*Task input*
Start of Block
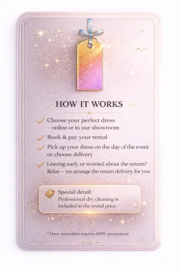 “Step-by-Step Instructions to Effortlessly Rent the Perfect Dress for Your Special Occasion. Learn How to Browse, Reserve, and Enjoy Our Exquisite Dresses with Confidence.”
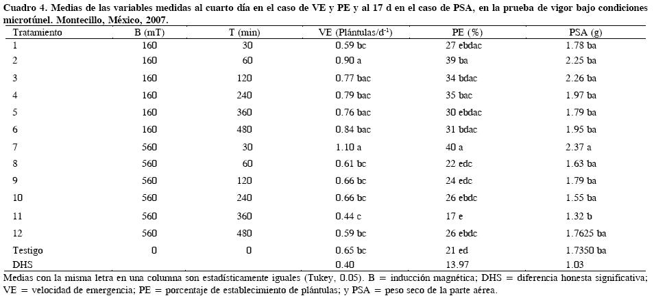 Al cuarto día de iniciada la emergencia de las plántulas, se observaron diferencias (P ≤ 0.05) entre tratamientos de radiación electromagnética para velocidad de emergencia (VE) y porcentaje de establecimiento de plántulas (PE), y al final de la prueba (17 d) en el peso seco de la parte aérea (PSA) (Cuadro 3).
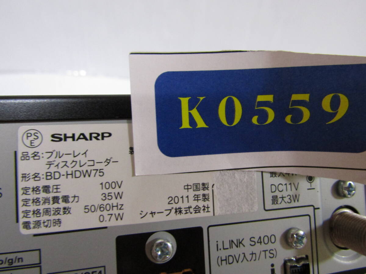 K0559 シャープブルーレイ BD-HDW75
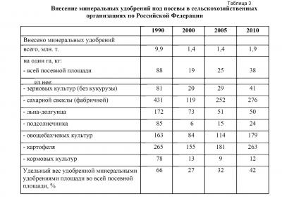 Внесение минеральных удобрений под посевы в сельскохозяйственных организациях по Российской Федерации
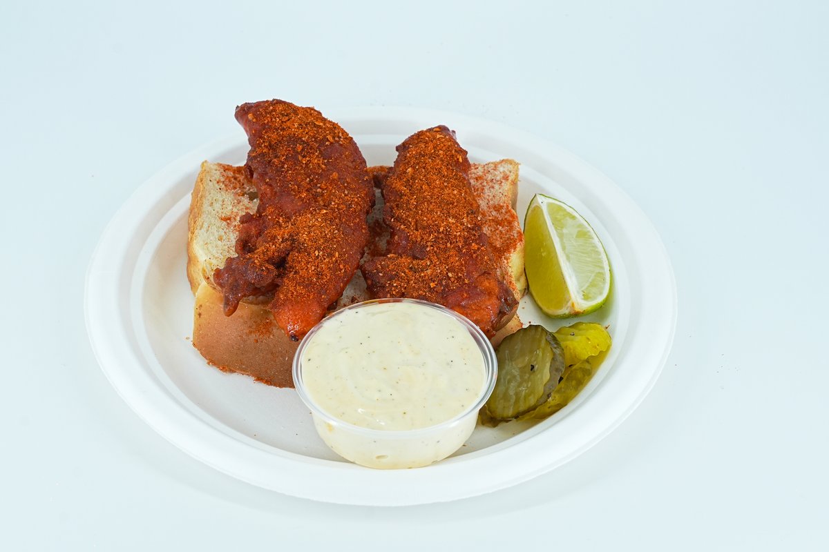 unsere legendäre nashville hot chicken knusprig frittiertes hähnchen auf geröstetem toastbrot, verfeinert mit hausgemachter soße, würzigen pickles, knackigem coleslaw-salat und einer feurigen schärfe, die richtig reinhaut. eine perfekte kombination aus crunch, würze und geschmack.(Halal)
End of Block
Only the lines from the beginning of the records up to and including the line with "Внесение минеральных удобрений" should appear, exactly as they are, and no pictures.

 “Step-by-Step Instructions to Effortlessly Rent the Perfect Dress for Your Special Occasion. Learn How to Browse, Reserve, and Enjoy Our Exquisite Dresses with Confidence.”
 Al cuarto día de iniciada la emergencia de las plántulas, se observaron diferencias (P ≤ 0.05) entre tratamientos de radiación electromagnética para velocidad de emergencia (VE) y porcentaje de establecimiento de plántulas (PE), y al final de la prueba (17 d) en el peso seco de la parte aérea (PSA) (Cuadro 3).
 K0559 シャープブルーレイ BD-HDW75
 Внесение минеральных удобрений под посевы в сельскохозяйственных организациях по Российской Федерации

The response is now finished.